Nya chases the bike around our yard. We don't know where it came from, but it has one pedal and sort of a seat.

I’m exhausted, but for some reason I don’t want to go to bed.  I think it’s because if I do another day will come.  But I’m tired.  And I don’t want to be responsible.  I wish they’d just cancel school and give us our break.  I want to travel to Ganta to investigate at the bank.  I don’t think I’ve been getting my pay and I want that fixed ASAP if it’s true.

It doesn’t feel like Christmas is five days away.  It doesn’t feel like December is almost over.  Krista and I have been in Sanniquellie for four months on Saturday.  We’ve been in Liberia almost seven months.  So much has changed, inside and out.  I’ve found my place here… but at the expense of what?

Things in America have gone on without me.  The hole I left is closing.  The people I left have slowly drifted away.  What will I return to, if I ever return?  How will anything feel meaningful, interesting, or important compared to this?

Two years out of a long life.  Two years I will guard as my treasure.  Two years that will make all the difference.  Certainly for me and hopefully for them…

2 Comments leave one →
  1. Aunt patty permalink
    January 16, 2012 3:17 pm

    it was years before i realized the reason i’m such a night owl is i’m trying to avoid tomorrow. unfortunately no matter how long you put off going to bed, tomorrow comes anyway and then you’re just REALLY tired.
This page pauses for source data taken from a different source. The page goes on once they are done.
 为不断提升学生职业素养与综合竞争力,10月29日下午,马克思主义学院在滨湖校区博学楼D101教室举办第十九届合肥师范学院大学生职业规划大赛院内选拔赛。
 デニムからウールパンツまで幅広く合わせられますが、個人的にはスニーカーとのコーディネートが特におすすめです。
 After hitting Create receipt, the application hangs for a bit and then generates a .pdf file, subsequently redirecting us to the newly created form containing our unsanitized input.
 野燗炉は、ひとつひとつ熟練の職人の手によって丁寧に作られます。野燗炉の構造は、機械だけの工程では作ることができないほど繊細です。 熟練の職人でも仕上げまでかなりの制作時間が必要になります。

    yes, life here goes on…but even if you were here, people would drift away and leave you behind. life is all about seasons. there is no permanence in this life, humans don’t have the capacity to maintain every relationship they ever begin. you are given new opportunities in each season of your life to touch those around you and then the seasons change and you move on and once in a while you look back and wonder, “did i make things better while i was there?” that’s what we strive for, to leave each place we briefly call home a little better for having been there, whether we are remember by one or by many or not at all.
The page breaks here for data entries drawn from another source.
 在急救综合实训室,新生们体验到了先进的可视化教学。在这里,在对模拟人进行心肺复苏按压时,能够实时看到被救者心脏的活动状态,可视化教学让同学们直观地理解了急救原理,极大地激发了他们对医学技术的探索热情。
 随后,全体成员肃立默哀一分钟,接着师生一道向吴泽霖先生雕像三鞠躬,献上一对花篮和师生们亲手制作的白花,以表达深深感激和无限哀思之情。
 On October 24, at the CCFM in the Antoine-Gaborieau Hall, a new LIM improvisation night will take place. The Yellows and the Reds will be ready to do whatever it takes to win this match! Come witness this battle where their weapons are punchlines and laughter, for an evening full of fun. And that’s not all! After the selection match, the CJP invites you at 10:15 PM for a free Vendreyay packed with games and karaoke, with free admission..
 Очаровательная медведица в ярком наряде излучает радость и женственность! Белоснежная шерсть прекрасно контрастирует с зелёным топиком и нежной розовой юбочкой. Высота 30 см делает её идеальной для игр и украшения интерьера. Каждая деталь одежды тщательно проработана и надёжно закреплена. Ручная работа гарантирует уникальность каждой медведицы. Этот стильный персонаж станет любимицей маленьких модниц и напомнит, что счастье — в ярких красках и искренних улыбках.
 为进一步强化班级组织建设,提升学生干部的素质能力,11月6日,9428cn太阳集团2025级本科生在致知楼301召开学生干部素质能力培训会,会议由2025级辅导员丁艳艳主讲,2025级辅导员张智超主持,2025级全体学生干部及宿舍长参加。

    when your time there is over and you return to America or go somewhere else, that new season will hold promise of new adventures, new friends (and some old ones) and of course family; because no matter what, your family will always love you and be waiting to welcome you home or (if you need) to let you go.

    we love you!

  2. Linda Pattie permalink
    January 19, 2012 11:59 am

    You are missed! Thank you for being there and sharing it with us in this way.